> **Entries shown**
★ ★ ★ ★ ★

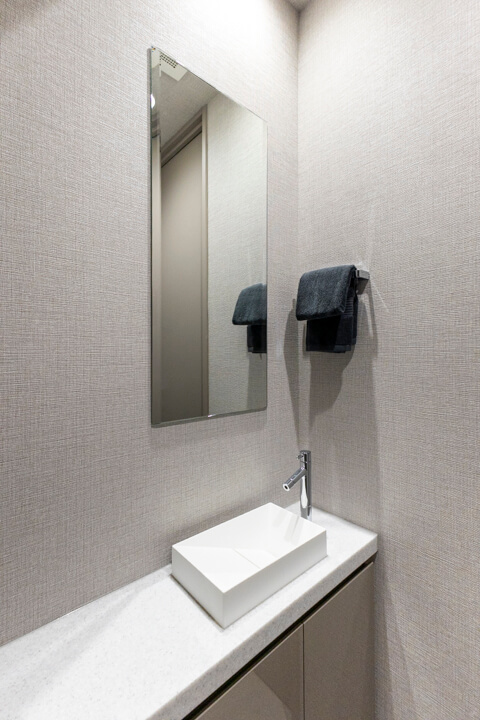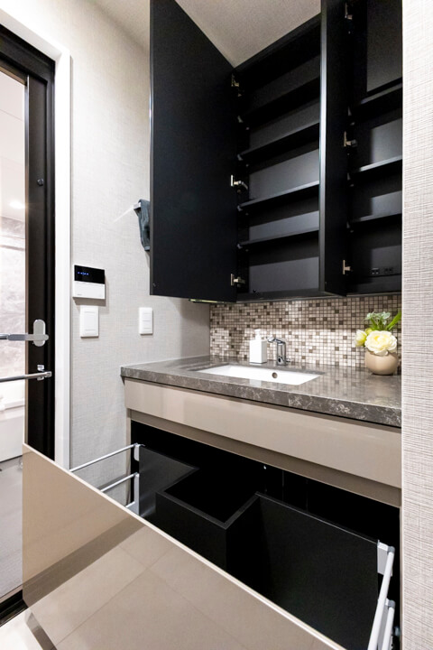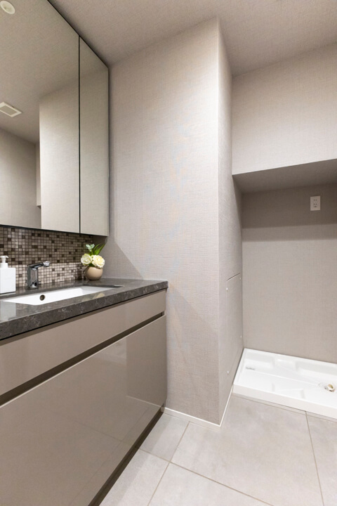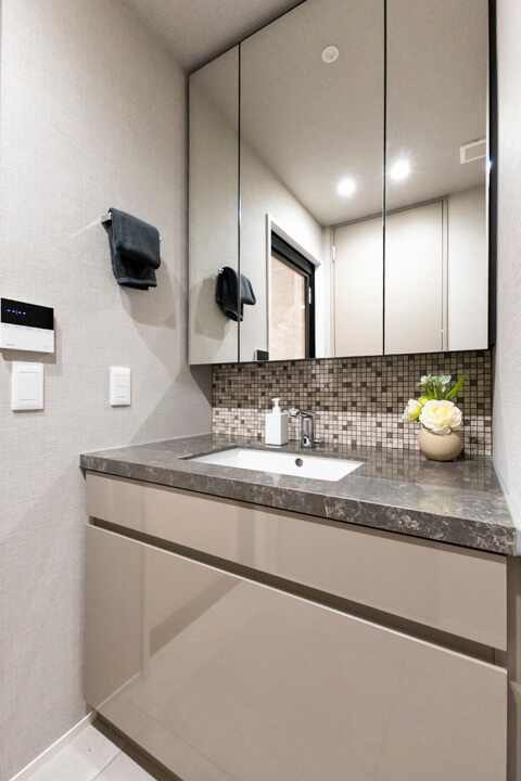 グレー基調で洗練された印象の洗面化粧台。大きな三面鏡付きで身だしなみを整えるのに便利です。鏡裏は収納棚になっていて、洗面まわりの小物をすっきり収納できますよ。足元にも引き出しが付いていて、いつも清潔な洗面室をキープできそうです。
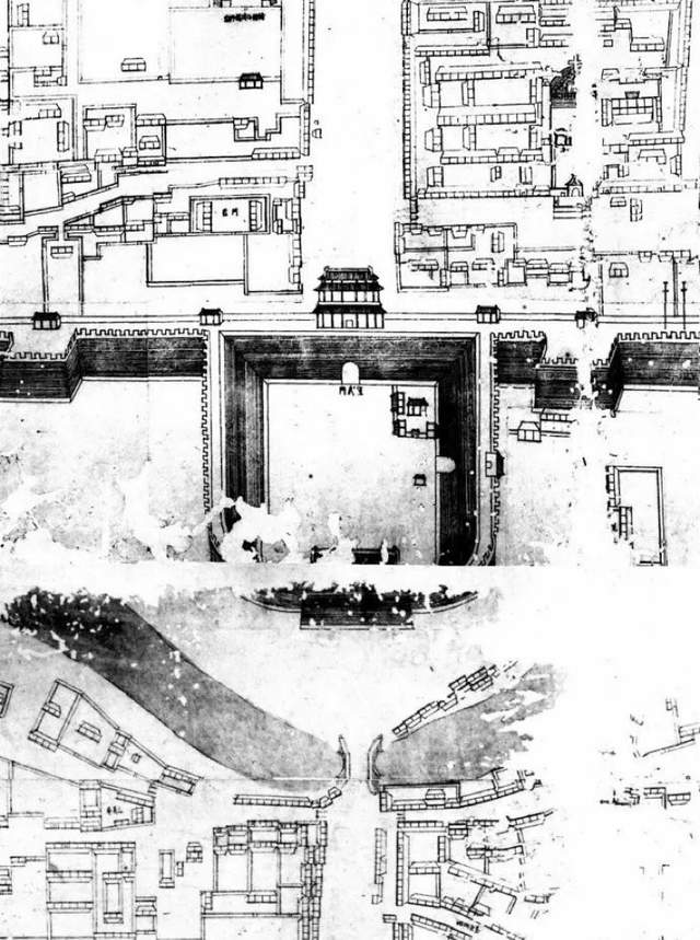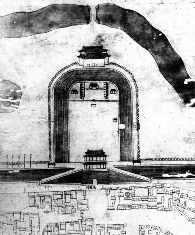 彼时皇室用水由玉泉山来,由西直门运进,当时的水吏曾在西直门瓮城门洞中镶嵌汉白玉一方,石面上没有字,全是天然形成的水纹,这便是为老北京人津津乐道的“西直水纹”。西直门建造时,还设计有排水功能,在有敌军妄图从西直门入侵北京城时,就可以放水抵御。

★ ★ ★ ★ ★

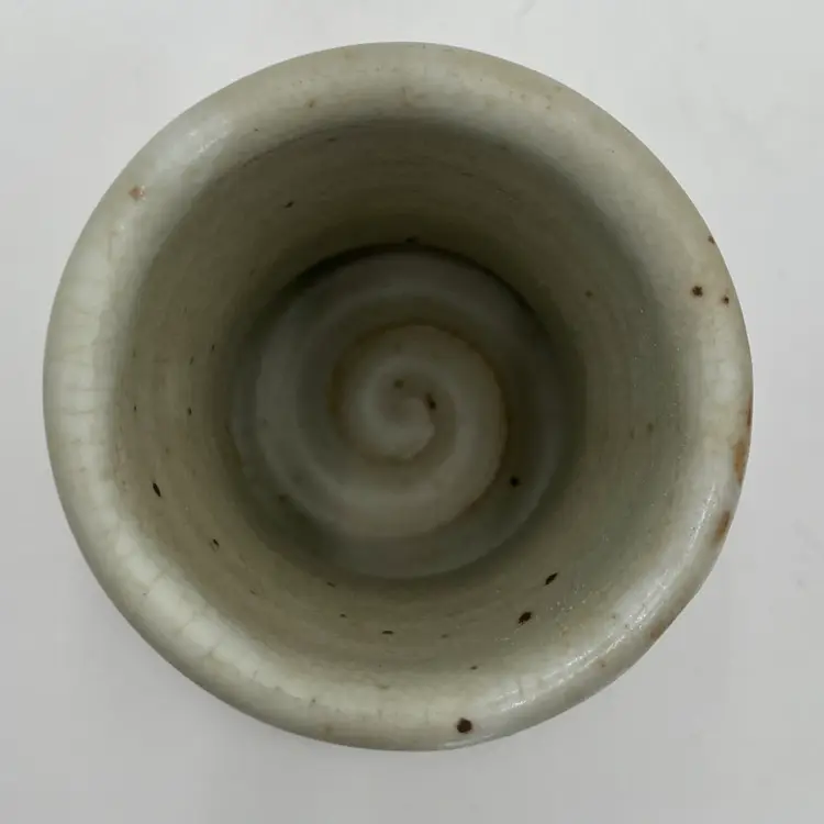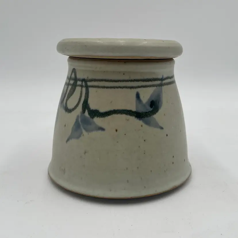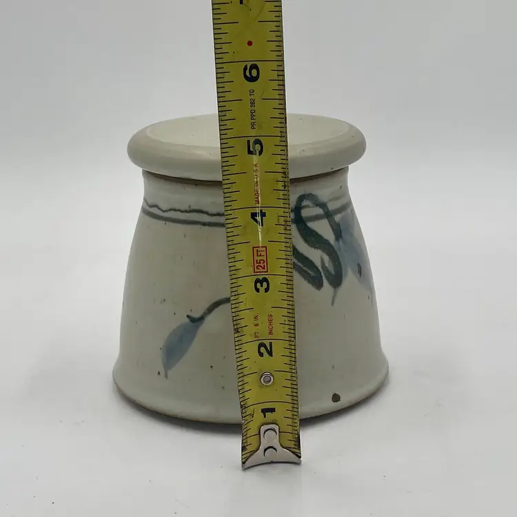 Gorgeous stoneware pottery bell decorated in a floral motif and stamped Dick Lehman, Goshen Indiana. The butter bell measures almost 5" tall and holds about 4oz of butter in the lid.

★ ★ ★ ★ ★

> **What this task involves**
Repeat, without pictures, exactly the lines of the data above from the one containing "グレー基調で洗練された印象の" through the one containing "彼时皇室用水由玉泉山来,由西", including both and adding nothing.

> **Answer**
 グレー基調で洗練された印象の洗面化粧台。大きな三面鏡付きで身だしなみを整えるのに便利です。鏡裏は収納棚になっていて、洗面まわりの小物をすっきり収納できますよ。足元にも引き出しが付いていて、いつも清潔な洗面室をキープできそうです。
 彼时皇室用水由玉泉山来,由西直门运进,当时的水吏曾在西直门瓮城门洞中镶嵌汉白玉一方,石面上没有字,全是天然形成的水纹,这便是为老北京人津津乐道的“西直水纹”。西直门建造时,还设计有排水功能,在有敌军妄图从西直门入侵北京城时,就可以放水抵御。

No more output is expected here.